Несмотря на очевидный успех, которого доктор добился в течение первого года конверсионной терапии – Эрнест сознательно стал менять свое интимное поведение на более приемлемое в социальном плане – долгосрочные отношения с женщинами у юного виконта катастрофически не складывались. Вероятно, с мужчинами он чувствовал себя куда увереннее, удовлетворенность от контактов была выше, и, судя по Дювалю и вот теперь – по самому Жану Марэ – он вполне успешно добивался от собратьев по полу, чего хотел.
Стало быть, корневые причины возникновения гомосексуального влечения были определены доктором неверно. В случае с Эрнестом Шаффхаузен приписывал их недостаточному отцовскому вниманию в период пубертата, а также изначально нарушенному телесному и эмоциональному контакту с матерью. Все эти выводы нуждались в очередном пересмотре и переосмыслении. Как и сам его подход к работе с пациентом, упорствующим в своем выборе.

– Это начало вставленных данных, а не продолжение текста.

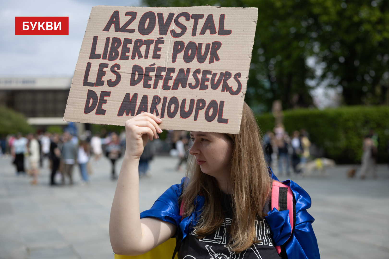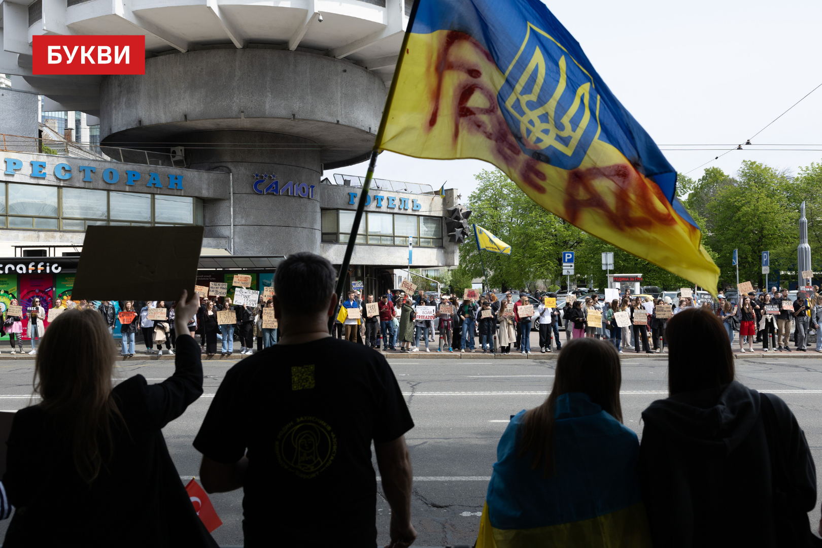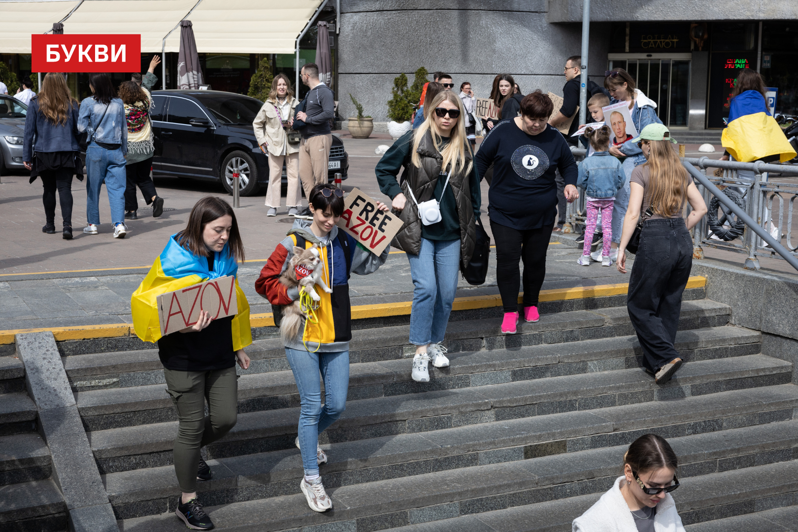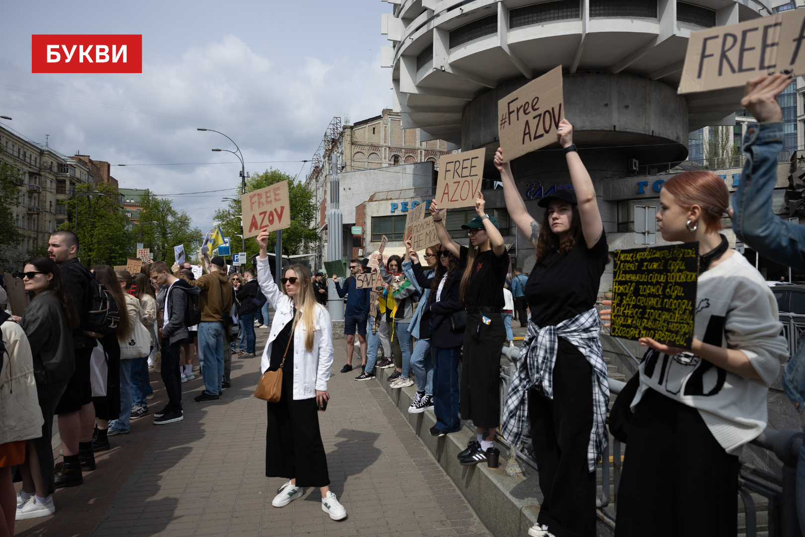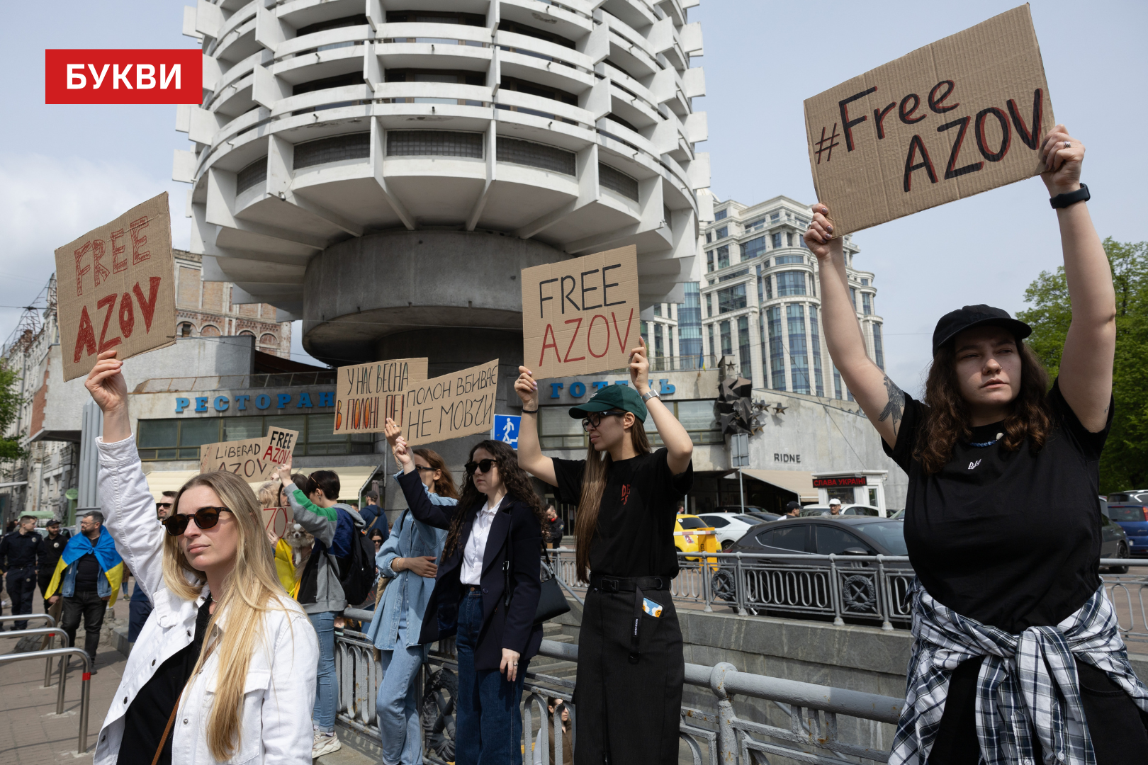 Учасники принесли на мітинг плакати з написами: “Прокиньтесь”, “FreeAzov”, “Ви — голоси тих, хто досі в полоні”, “Полон — повільна смерть”, “Боріться за них так, як вони боролися за вас”.

Увы, теперь Эмиль совсем уже не был уверен в том, что его мягкие интервенции и занятия самоанализом, щадящим психику юноши, без применения фармакологии, принесут хоть какой-то толк.
Искоса глянув на Эжена де Сен-Бриза, доктор подумал:
«Наверняка граф сожалеет, что отказался в свое время от мер радикальной исправительной терапии… не исключаю, что бихевиоральный подход мог бы дать более прочные результаты… например, выработал бы условный рефлекс отвращения даже к виду обнаженного мужского тела… Но какой ценой, какой страшной ценой…»

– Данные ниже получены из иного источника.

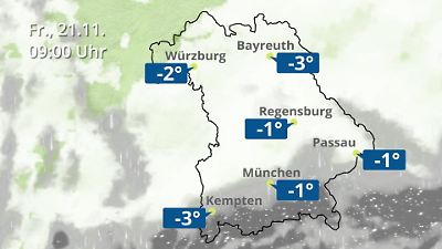 Das Video zeigt die Wettervorhersage für Bayern: Wie warm wird es? Wo scheint die Sonne? Wie dicht ist die Bewölkung? Wann regnet es? Wo schneit es? Wolken und Niederschlag werden gemäß aktueller Wetterprognose als Animation dargestellt. Für die Städte München, Bayreuth, Kempten, Passau, Regensburg und Würzburg wird die Temperatur angezeigt. Prognose vom 21. November 2025 um 00:10 Uhr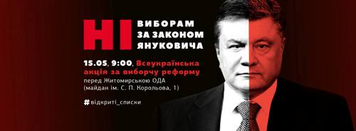 15 травня о 9:00 на Майдані імені С.П. Корольова в Житомирі відбудеться Всеукраїнська акція на підтримку виборчої реформи.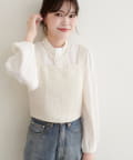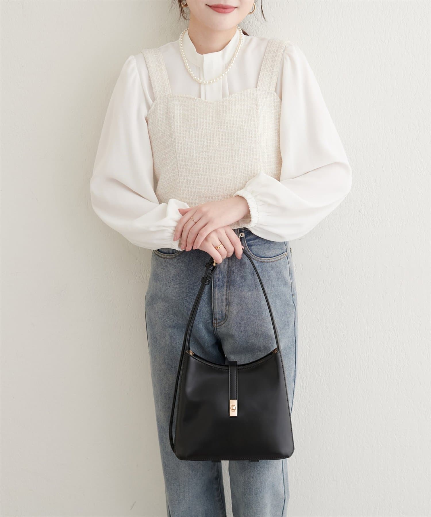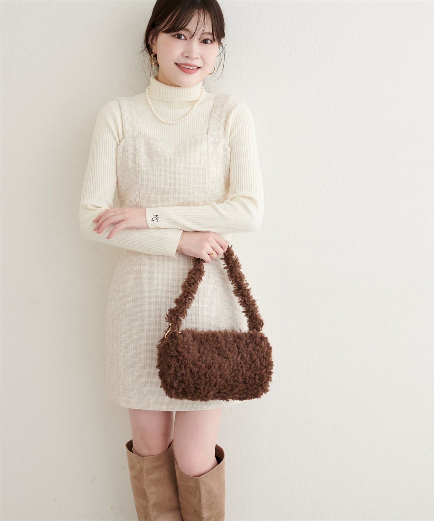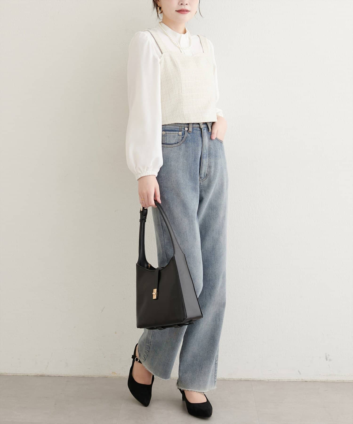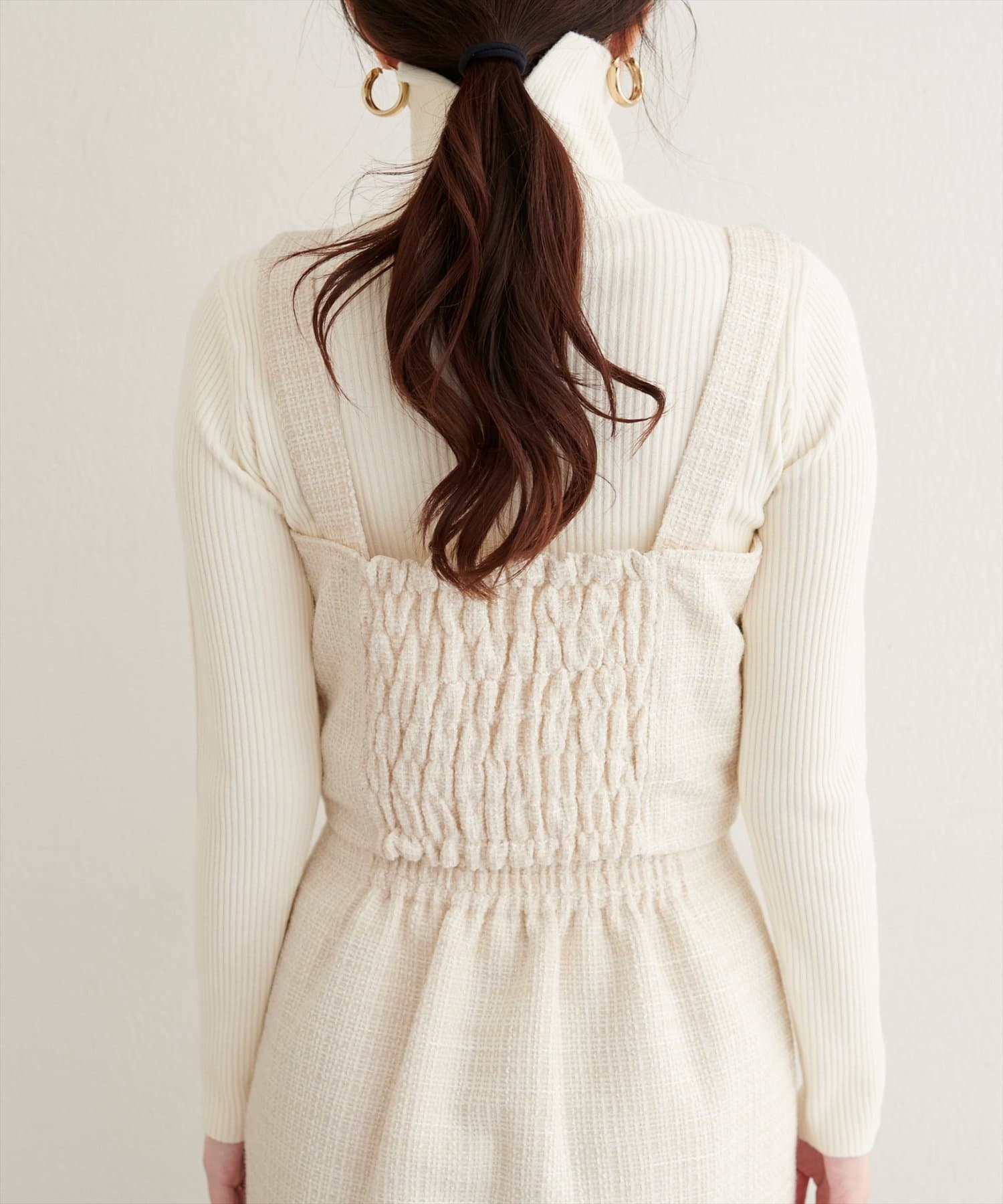 華やかなツイード生地のインナーには、ビスチェが引き立つジャストサイズで薄手のニットやカットソーがおすすめ

Странное дело: несмотря на свой очевидный профессиональный провал, Шаффхаузен чувствовал, что остался последовательным противником психиатрического насилия…. Мысль о грубом воздействии на и без того лабильную психику художника была ему отвратительна, и вызывала какую-то неопределимую болезненную эмоцию… словно речь шла не о пациенте, а родном сыне или близком друге. Это переживание еще требовалось отрефлексировать дополнительно.
Можно было порадоваться хотя бы тому, что стремление Эрнеста впадать в суицидальный настрой при столкновении с эмоционально-острой и трудно преодолимой ситуацией, удалось успешно купировать. Шаффхаузен попросту не хотел разрушать едва-едва окрепшее Эго юноши, лишать опоры на либидо в борьбе с беспощадным мортидо43, затягивающим в воронку саморазрушения. Однако ж теперь ему предстояло разобраться в первую очередь с тем мортидо, что захватило с головой Сен-Бриза-старшего.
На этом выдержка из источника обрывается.